ーー魔族を庇った者として、受け取る条件の一部にそれが含まれていたからだ。
「はぁっ……偶には自由に買い物でもしてみたいな。まぁ、欲しいものなんて無いか」
少年は天井を見つめて黄昏る。伸びた前髪に隠されて、姫のニヤけた表情には気付けなかった……
__________
『マグル商業地区』
様々な店舗が立ち並ぶ商業地区は、王国マグルに住む民の生活を支える様々な商品を取り揃えている。
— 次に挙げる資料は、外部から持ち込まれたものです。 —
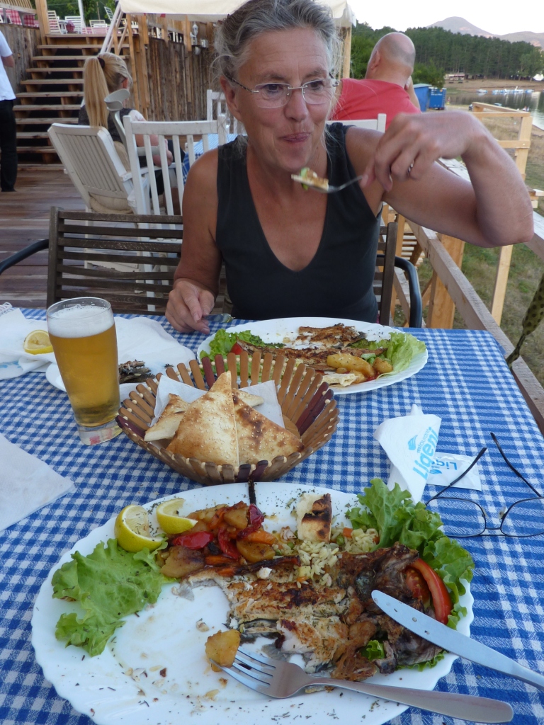 Heute Abend, die Treppe ist fertig, gehen wir im Restaurant essen. Einen kosovarischen Salat vorweg und dann gegrillte Forelle aus dem See als Hauptspeise. Die Luft hat sich abgekühlt und auf der Terrasse über dem See ist genau die Stimmung, die uns diesen Abend unvergesslich werden lässt.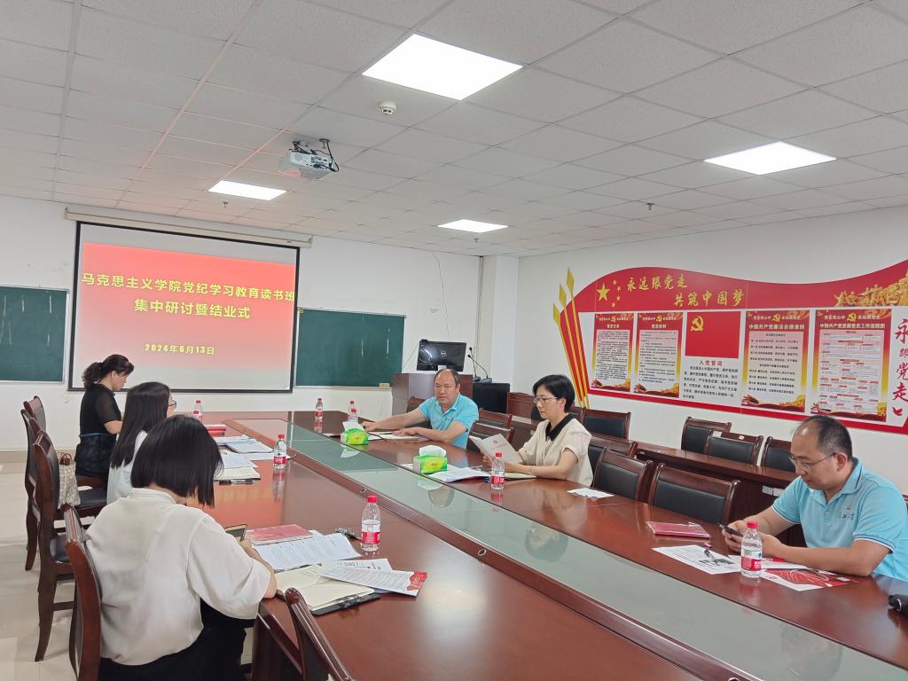 6月13日上午,马克思主义学院在文科楼1104室举行党纪学习教育读书班总结交流会,专题学习《中国共产党纪律处分条例》(以下简称《条例》)附则部分内容,并开展学习交流。学院党委理论学习中心组成员及党委委员参加学习会,会议由院党委书记刘小燕主持。

大通りから裏路地まで、数々の豊富な品揃えを誇る店舗が軒を連ね、活気に溢れていた。
「さぁ、まずは服よ!」
「はいはい、今度はどんな高級店に入るつもりやら……」
ソウシは毎度の事だと飽き飽きとしながらテレスの背後に付き添っていたのだが、突然手を握られて店内へと引っ張られる。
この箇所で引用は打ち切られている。